Para levar essa ideia adiante, foi preciso uma espécie de triunvirato, formado por Júlio de Mesquita Filho – dono do jornal O Estado de S. Paulo e um dos principais idealizadores da criação da USP –, Georges Dumas, porta-voz do Groupement des Universités et Grandes Écoles de France pour les relations avec l’Amérique Latine (1907-1940) e responsável pela criação, em São Paulo, do Liceu Franco-Brasileiro e do Instituto Técnico Franco-Paulista, fundados em 1925 – e pelo professor Teodoro Ramos, da Escola Politécnica e primeiro diretor da recém-criada FFCL. 

Os laços pessoais estabelecidos entre Dumas e Júlio de Mesquita Filho, ao lado da francofilia reinante entre os membros das elites ilustradas brasileiras, são dois dos fatores que podem explicar a escolha de franceses para compor o corpo docente da Universidade no domínio das Humanidades. Mas não só franceses: para lecionar na recém-fundada unidade vieram também, entre 1934 e 1944,  italianos, alemães e alguns poucos portugueses, espanhóis e estadunidenses. A chegada desses estrangeiros possibilitou a criação de uma universidade com formações diversas, pouco exploradas até então no Brasil: a maior parte deles foi convocada para ministrar disciplinas de áreas como filosofia, biologia, química, física, matemática, história e sociologia.

Coube, então, a Teodoro Ramos a contratação dos professores estrangeiros. E ele tinha uma missão adicional: não contratar professores consagrados. A proposta era encontrar jovens que estivessem dispostos a vir criar uma universidade em um país distante como o Brasil. Na verdade, a contratação dos professores – principalmente os franceses, naquela que ficou conhecida como “missão francesa” – se deu em três fases distintas. 

Em 1934, são contratados professores experientes em universidades e liceus franceses, com o objetivo de abrir os cursos. Dos seis nomes que compõem essa primeira leva — Émile Coornaert (história), Pierre Deffontaines (geografia), Robert Garric (literatura francesa), Paul-Arbousse Bastide (sociologia), Étienne Borne (filosofia e psicologia) e Michel Berveiller (literatura greco-latina) — somente Berveiller e Arbousse-Bastide renovaram os seus contratos com a Universidade no ano seguinte. Em 1935, o perfil do grupo já era outro, assim como a duração dos contratos, agora de três anos: são agora jovens agrégés, sem experiência no ensino superior, com exceção de Fernand Braudel, na época com 32 anos.

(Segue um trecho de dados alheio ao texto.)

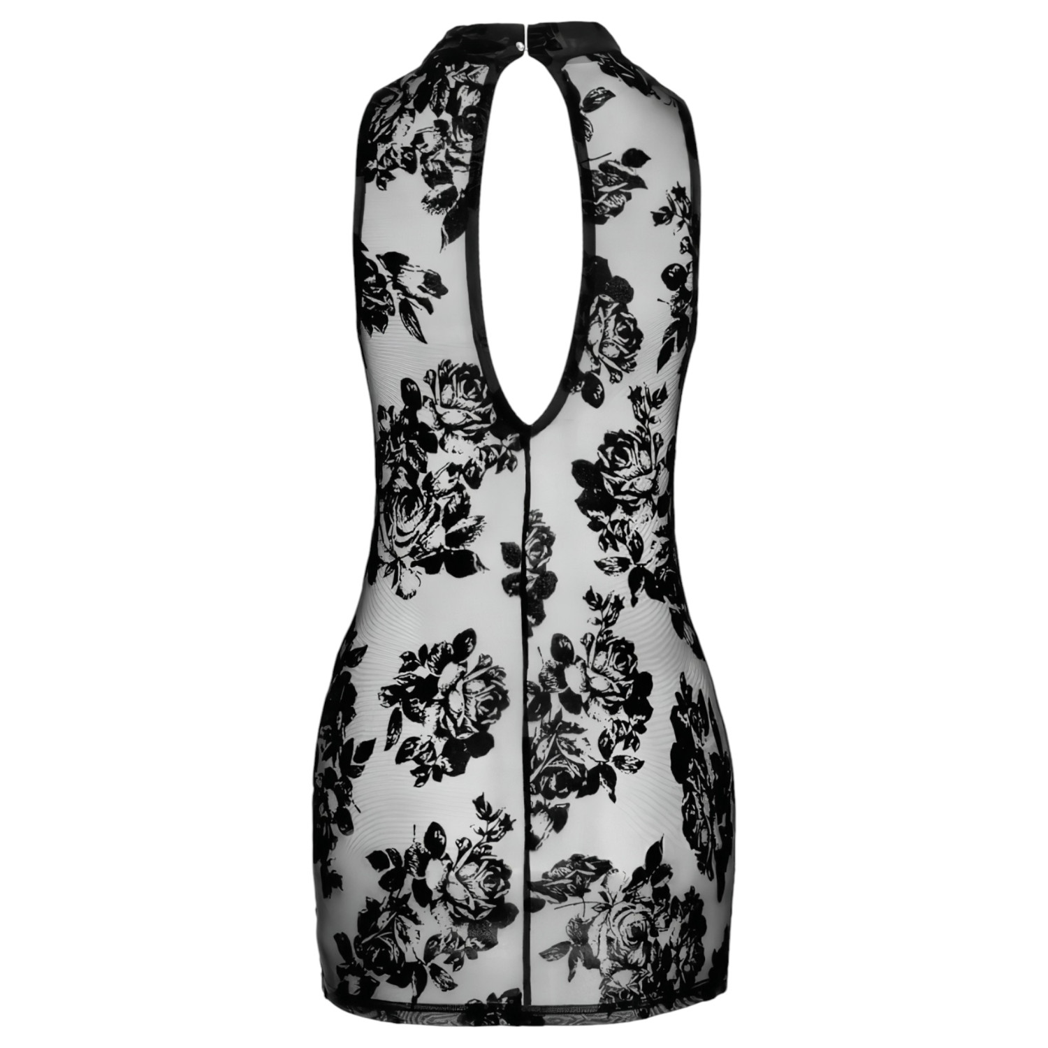 Noir - rochie mini fără mâneci cu motive de trandafiri (negru)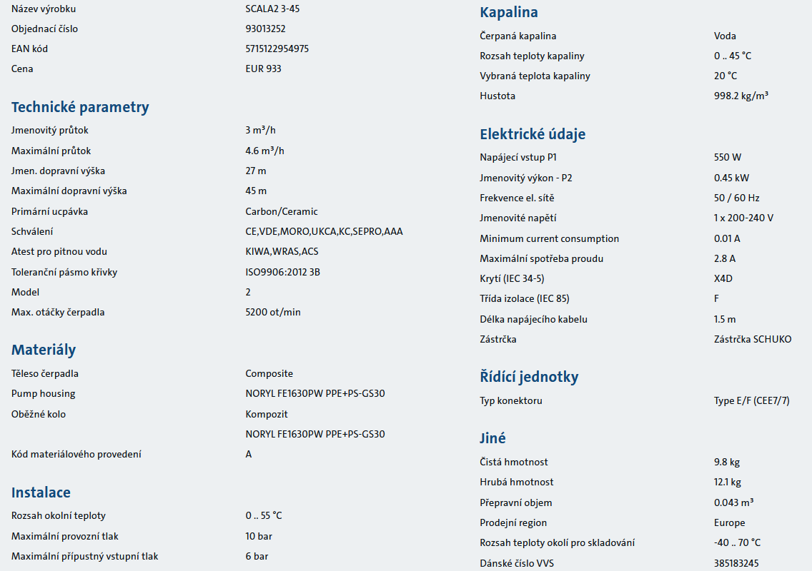 Čerpadlo vodárna Grundfos - SCALA2 3-45 1x200-240V 50/60Hz

Além do professor de história, chegam ao País neste momento Pierre Hourcade (literatura francesa), Pierre Monbeig (geografia), Claude Lévi-Strauss (segunda cadeira de sociologia, na época professor secundarista e com 26 anos) e Jean Maugüé (filosofia, que Antonio Candido considerava seu professor mais marcante). A partir de 1938, são convidados docentes mais velhos, e chegam Roger Bastide, substituindo Lévi-Strauss, Jean Gagé (no lugar de Braudel), Alfred Bonzon (literatura francesa) e Paul Hugon (economia), que se estabelecerá definitivamente no País. 

“A seleção desses professores teve um critério totalmente aleatório. Lévi-Strauss conta, no primeiro capítulo de Tristes Trópicos, que era formado em filosofia, mas desejava ser antropólogo.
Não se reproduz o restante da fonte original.